• _Problem to work on_:
The listing below holds a line with "New 2-IN-1 RFID" and a line with "Основен ресторант, 2". Reproduce those two lines exactly, plus everything between them.

• _Supplied records_:
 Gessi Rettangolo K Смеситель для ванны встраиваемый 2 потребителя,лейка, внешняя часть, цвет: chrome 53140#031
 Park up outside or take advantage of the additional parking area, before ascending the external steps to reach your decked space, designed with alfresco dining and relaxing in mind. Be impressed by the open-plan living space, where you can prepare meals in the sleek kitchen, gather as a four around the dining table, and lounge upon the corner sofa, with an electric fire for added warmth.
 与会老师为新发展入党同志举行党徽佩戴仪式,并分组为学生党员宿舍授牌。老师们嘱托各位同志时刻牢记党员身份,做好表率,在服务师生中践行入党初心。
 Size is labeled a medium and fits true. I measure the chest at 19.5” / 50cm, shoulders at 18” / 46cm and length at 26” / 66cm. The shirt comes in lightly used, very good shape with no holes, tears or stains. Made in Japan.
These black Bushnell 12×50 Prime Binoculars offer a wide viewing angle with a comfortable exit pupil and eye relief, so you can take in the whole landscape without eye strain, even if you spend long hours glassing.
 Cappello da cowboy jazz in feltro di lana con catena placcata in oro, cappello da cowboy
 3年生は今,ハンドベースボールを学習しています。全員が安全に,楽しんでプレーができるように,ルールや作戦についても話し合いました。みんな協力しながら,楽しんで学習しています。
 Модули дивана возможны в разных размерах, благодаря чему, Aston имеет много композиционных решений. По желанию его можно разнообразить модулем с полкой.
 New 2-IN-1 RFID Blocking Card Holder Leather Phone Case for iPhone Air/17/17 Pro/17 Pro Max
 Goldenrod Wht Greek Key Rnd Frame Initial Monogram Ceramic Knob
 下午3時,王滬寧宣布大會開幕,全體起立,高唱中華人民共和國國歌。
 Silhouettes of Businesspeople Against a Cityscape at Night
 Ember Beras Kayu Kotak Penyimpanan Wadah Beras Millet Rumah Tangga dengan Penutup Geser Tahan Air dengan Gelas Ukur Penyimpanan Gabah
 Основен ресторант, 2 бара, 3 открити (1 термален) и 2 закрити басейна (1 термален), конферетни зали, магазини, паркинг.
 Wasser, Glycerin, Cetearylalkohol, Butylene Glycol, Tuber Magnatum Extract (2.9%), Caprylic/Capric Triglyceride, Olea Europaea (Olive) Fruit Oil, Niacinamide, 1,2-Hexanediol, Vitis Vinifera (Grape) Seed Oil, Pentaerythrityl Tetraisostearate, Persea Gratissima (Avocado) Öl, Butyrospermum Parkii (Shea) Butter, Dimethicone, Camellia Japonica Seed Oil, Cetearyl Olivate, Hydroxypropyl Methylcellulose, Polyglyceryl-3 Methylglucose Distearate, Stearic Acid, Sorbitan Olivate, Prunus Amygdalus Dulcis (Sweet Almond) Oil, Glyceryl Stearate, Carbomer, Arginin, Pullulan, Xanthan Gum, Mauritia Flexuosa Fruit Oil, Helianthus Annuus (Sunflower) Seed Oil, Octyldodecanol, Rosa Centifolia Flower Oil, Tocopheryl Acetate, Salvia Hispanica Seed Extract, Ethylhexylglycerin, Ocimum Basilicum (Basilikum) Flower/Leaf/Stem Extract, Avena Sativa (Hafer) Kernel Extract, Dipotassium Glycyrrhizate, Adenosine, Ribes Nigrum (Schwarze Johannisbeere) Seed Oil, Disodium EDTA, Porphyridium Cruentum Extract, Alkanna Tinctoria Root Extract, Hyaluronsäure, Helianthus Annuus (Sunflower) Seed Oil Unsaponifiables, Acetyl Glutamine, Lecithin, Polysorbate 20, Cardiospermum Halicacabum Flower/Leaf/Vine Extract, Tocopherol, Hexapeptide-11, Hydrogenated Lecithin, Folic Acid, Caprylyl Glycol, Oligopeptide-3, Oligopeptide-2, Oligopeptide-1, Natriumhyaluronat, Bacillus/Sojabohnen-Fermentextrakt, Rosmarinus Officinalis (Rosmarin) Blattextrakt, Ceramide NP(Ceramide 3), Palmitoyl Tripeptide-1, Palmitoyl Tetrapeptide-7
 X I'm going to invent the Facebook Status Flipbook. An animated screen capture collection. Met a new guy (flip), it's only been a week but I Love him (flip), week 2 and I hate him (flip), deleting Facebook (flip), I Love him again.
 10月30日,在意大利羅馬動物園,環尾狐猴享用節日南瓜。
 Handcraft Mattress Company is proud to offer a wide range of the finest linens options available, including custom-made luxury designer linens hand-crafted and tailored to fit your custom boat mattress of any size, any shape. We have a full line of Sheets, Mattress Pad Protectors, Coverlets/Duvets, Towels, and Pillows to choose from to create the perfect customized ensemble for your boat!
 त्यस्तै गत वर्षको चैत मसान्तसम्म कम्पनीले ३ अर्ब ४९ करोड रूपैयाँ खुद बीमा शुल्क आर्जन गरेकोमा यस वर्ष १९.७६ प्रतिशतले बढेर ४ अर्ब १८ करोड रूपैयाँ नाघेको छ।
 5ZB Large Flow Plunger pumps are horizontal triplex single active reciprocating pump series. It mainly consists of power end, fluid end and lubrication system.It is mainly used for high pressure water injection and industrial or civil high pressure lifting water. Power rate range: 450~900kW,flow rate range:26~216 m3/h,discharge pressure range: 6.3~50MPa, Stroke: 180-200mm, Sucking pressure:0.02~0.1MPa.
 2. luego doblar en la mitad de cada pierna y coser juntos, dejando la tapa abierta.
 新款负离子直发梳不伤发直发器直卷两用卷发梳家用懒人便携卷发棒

• _Output for this task_:
 New 2-IN-1 RFID Blocking Card Holder Leather Phone Case for iPhone Air/17/17 Pro/17 Pro Max
 Goldenrod Wht Greek Key Rnd Frame Initial Monogram Ceramic Knob
 下午3時,王滬寧宣布大會開幕,全體起立,高唱中華人民共和國國歌。
 Silhouettes of Businesspeople Against a Cityscape at Night
 Ember Beras Kayu Kotak Penyimpanan Wadah Beras Millet Rumah Tangga dengan Penutup Geser Tahan Air dengan Gelas Ukur Penyimpanan Gabah
 Основен ресторант, 2 бара, 3 открити (1 термален) и 2 закрити басейна (1 термален), конферетни зали, магазини, паркинг.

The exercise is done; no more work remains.